Coming back to the racial disparity we observed last week, in this exercise, let's calculate our model's FPR and FNR for white and Black defendants using a threshold of 50\% for our binary prediction (`binary_recid`).

In [0]:
# Complete the function calc_fpr_fnr, which takes a data frame that has at least three columns: race, is_recid, and binary_recid,
# and returns a data frame with three columns: race, FPR, and FNR

calc_fpr_fnr <- function(df) {
# WRITE CODE HERE
}

calc_fpr_fnr(compas_df)

#### Discuss!

### Exercise 5: Equalizing false positive rates

Some have advocated for equalizing FPR to create a "fair" model.
One way to do that is to set different thresholds for white defendants and Black defendants.
To do so, we will fix our classification threshold for white defendants at 50% and tune the threshold for Black defendants so that the false positive rates are equal for both groups.

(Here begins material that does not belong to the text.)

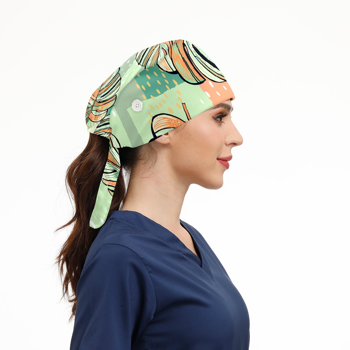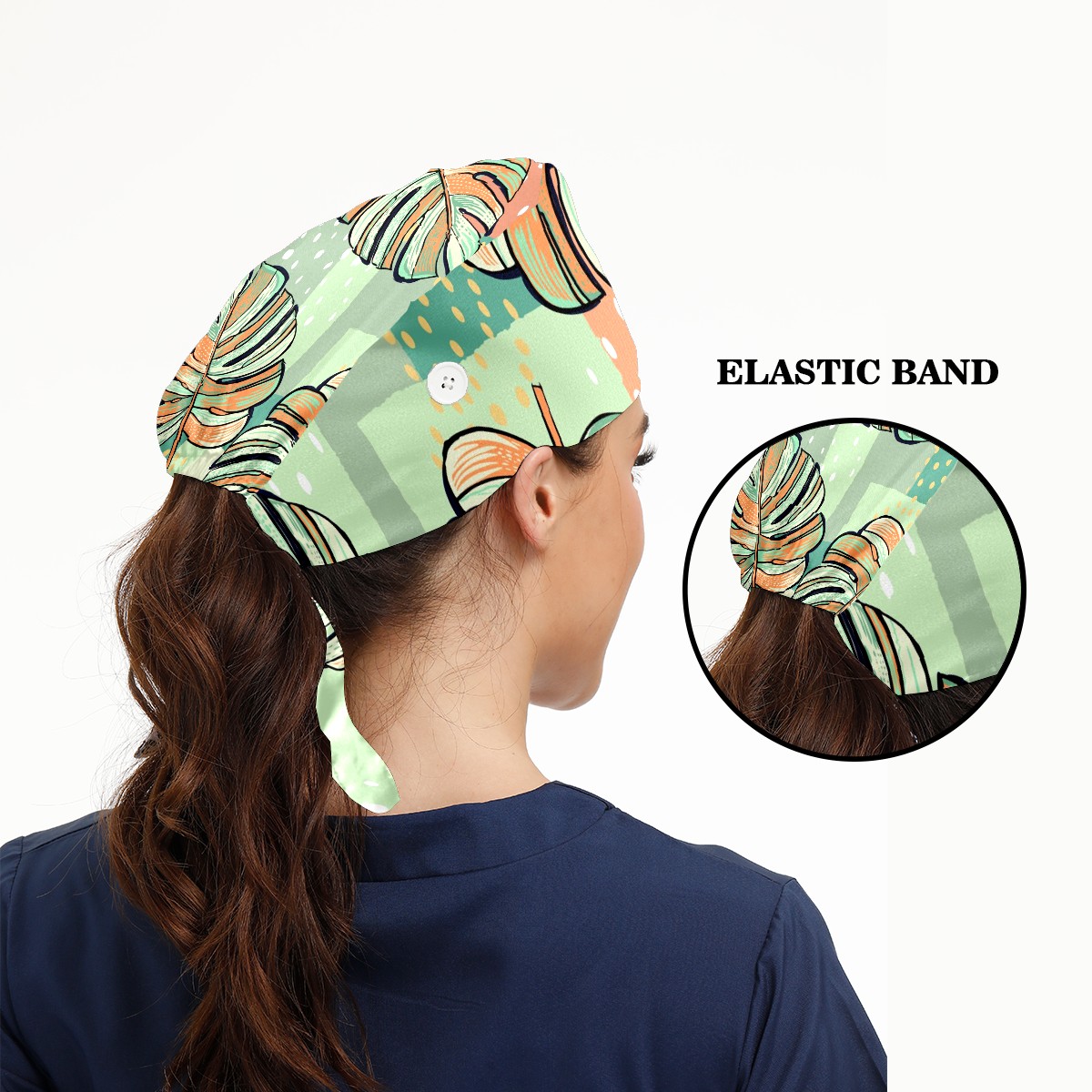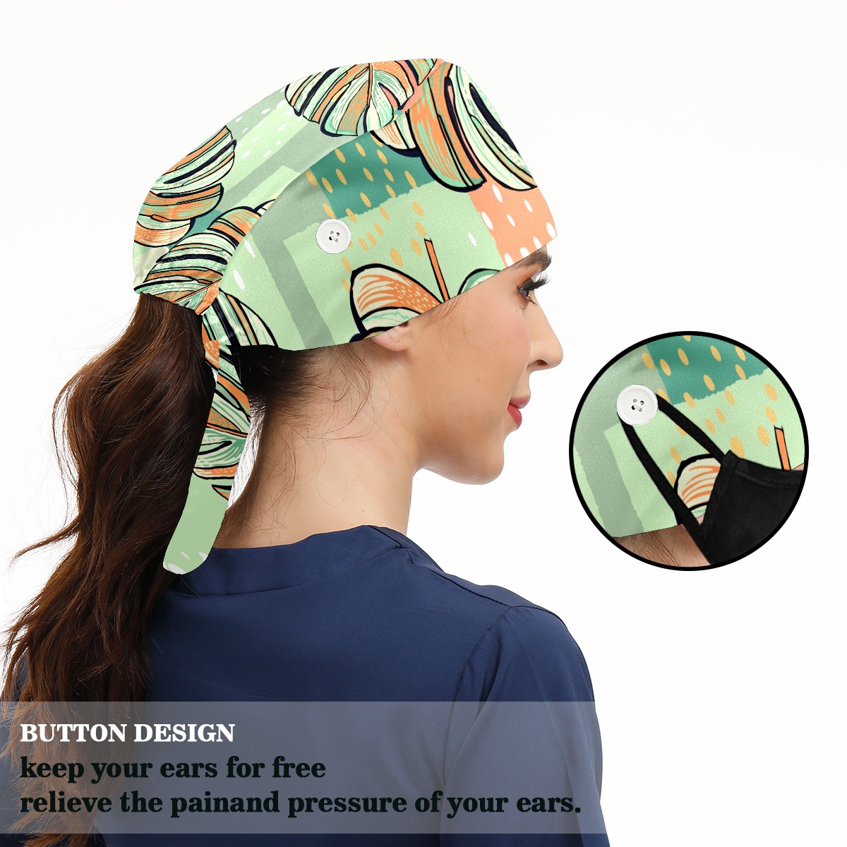 Working Caps with Button & Sweatband Satin Lined Cotton Adjustable Nurse Hats Elastic Band Scrub Cap Surgeon Hat Tropical Funny Monstera Leaf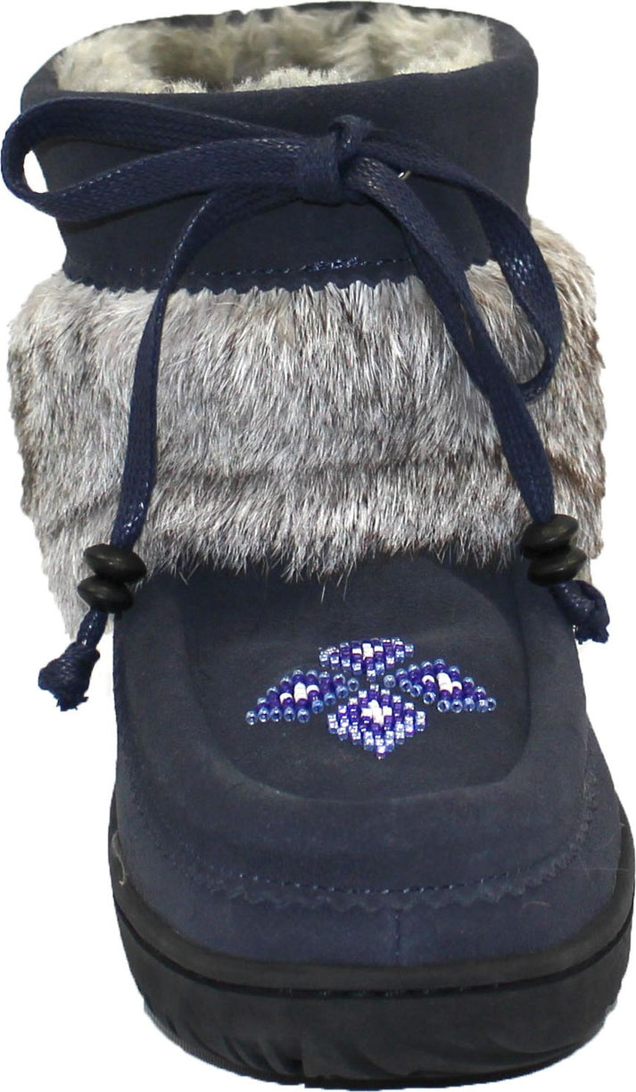 Ankle-high blue moccasin boot with fur trim, beaded design, and lace-up closure.

Similarly, find the threshold for Black defendants that equalizes the false negative rates for both groups.

In [0]:
white_threshold = 0.5
black_threshold = 0.5 # WRITE CODE HERE

# Calculate detention and recidivism rate by race
compas_df %>%
    mutate(binary_recid = risk > if_else(race == "Caucasian", white_threshold, black_threshold)) %>%
    calc_fpr_fnr()

# See where the thresholds are on the risk distribution
options(repr.plot.width = 7, repr.plot.height = 3.5)

# Recall this risk distribution plot
# Now we add our thresholds in the plots
ggplot(compas_df, aes(x = risk, fill = race)) +
    geom_density(alpha = 0.5, color = NA) +
    scale_x_continuous("Estimated risk", labels = scales::percent_format(), expand = c(0, 0)) +
    scale_y_continuous(element_blank(), expand = c(0, 0)) +
    theme(axis.ticks.y = element_blank(),
          axis.text.y = element_blank())+
    geom_vline(
        xintercept = c(black_threshold, white_threshold), 
        color = c("red", "blue"),
        alpha = 0.5
    )

#### Discuss.